We are then forced to investigate the purpose as such.
There is no denying that the purpose of the body is the body
and of life, life.
If mutation allows the body to reconfigure its now presentation,
being embodied lets the life to flow.
Time strings itself in the beats of life
and in every sequencing of the amino acids.
Body as such cannot exercise as much of freedom as the mind therefore.
And the purpose is easy to metrify here.
With humans, simple rationality collapses.
We are able to act purposelessly.
These acts erupt in the modes of love and of hatred.
We are able to act altruistically and wage wars purposelessly.
And yes, there are some who would teach biology to decode purpose in every acts,
just like there are others who invent purpose in a rock rolling down the hill.
Freedom and purpose pose as antithetical to each other.
The more subjects act with purpose,
the less they exercise freedom.
Walking is purposeful, but one needs to be free to wander.(5)
Mind-wandering is likewise the same, as thinking,
including thinking about purpose, is purposeful.
To say that humans enjoy more freedom is not a mere anthropocentric idea.
Humans are capable to act more purposelessly than other animals.(5)
All what we consider purpose are determined biologically and culturally.
They both limit and determine our existence
and they both impose some purpose,
and to exist in the body and to retain membership in society then becomes our purpose.
Our imagination of purpose,
our fetishization of purpose,
allows us to invent it in the cosmic scale,
the purpose of the cosmos, the purpose of God, and so on.
And this leads to a paradox,
and being human is to live through this paradox.
The paradox is, we invent absolutely free entity in God
and we impose upon it the purpose that we can invent.(5)

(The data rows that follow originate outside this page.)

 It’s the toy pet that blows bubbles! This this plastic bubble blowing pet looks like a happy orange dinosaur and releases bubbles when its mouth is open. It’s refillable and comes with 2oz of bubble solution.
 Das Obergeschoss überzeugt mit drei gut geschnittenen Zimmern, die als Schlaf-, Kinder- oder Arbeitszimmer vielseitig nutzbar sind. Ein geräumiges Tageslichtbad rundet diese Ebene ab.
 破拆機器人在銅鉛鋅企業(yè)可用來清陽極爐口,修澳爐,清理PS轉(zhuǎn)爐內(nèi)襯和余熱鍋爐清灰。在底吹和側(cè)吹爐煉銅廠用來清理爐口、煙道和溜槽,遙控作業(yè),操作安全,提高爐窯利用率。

Meaning, the absolutely free entity has to act according to the purpose as determined by us.
Some of us, anyway.
Whether in different hats or in different ties,
we have made an occupation of determining the purpose of the absolute.
And this is where we discover our true purpose.

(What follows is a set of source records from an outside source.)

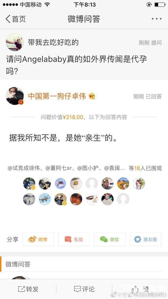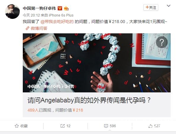 网友的问题是这样的,请问Angelababy真的如外界传闻是代孕吗?而卓伟的回答:据我所知不是,是她“亲生”的。
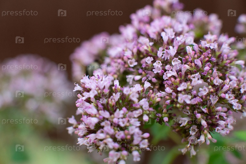 Растение орегано. макросъемка, крупный план, полевые сиреневые ароматные цветы. Органическая натуральная приправа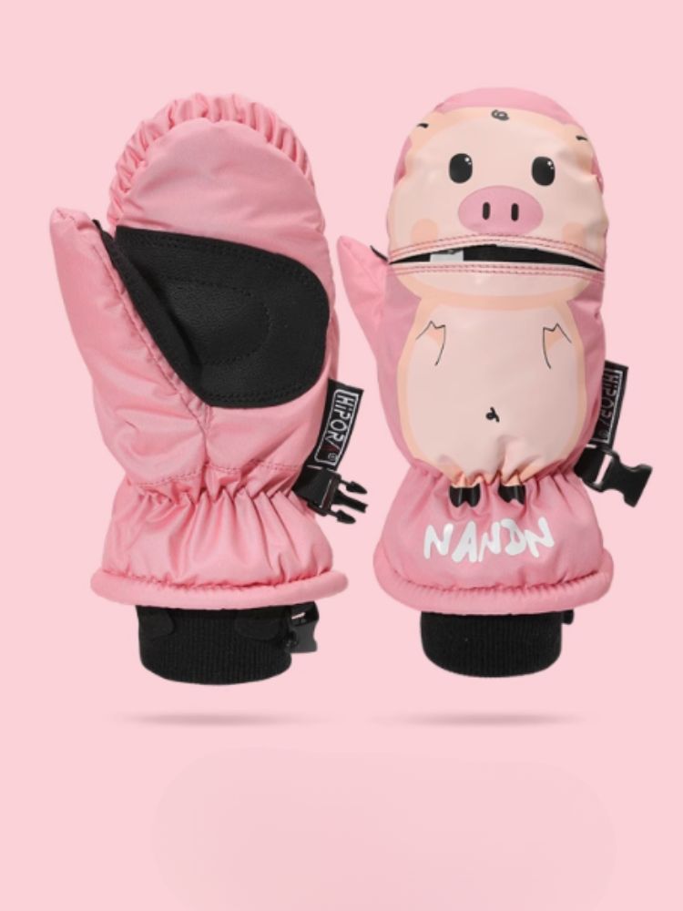 XwXwSeui Kids Waterproof Cartoon Insulated Snow Mittens

To be able to capture the totality while ourselves being a mere particle.
And some of us would surrender to the unknown and say,
only that knows the purpose,
not recognizing the travesty of our imposition.
Purpose, meaning, teleology: all these are human constructs to place us at the center of the universe.(5)
Reception
When Siddhartha left his palace, he was not embarking the network of million franchises. When the giant elephants stroll through the forest, they give birthplace to million dung-beetles. The nature of a banyan tree is to grow tall. For some, it is a lovely shade or a nesting ground. For others, it is just a bunch of firewood.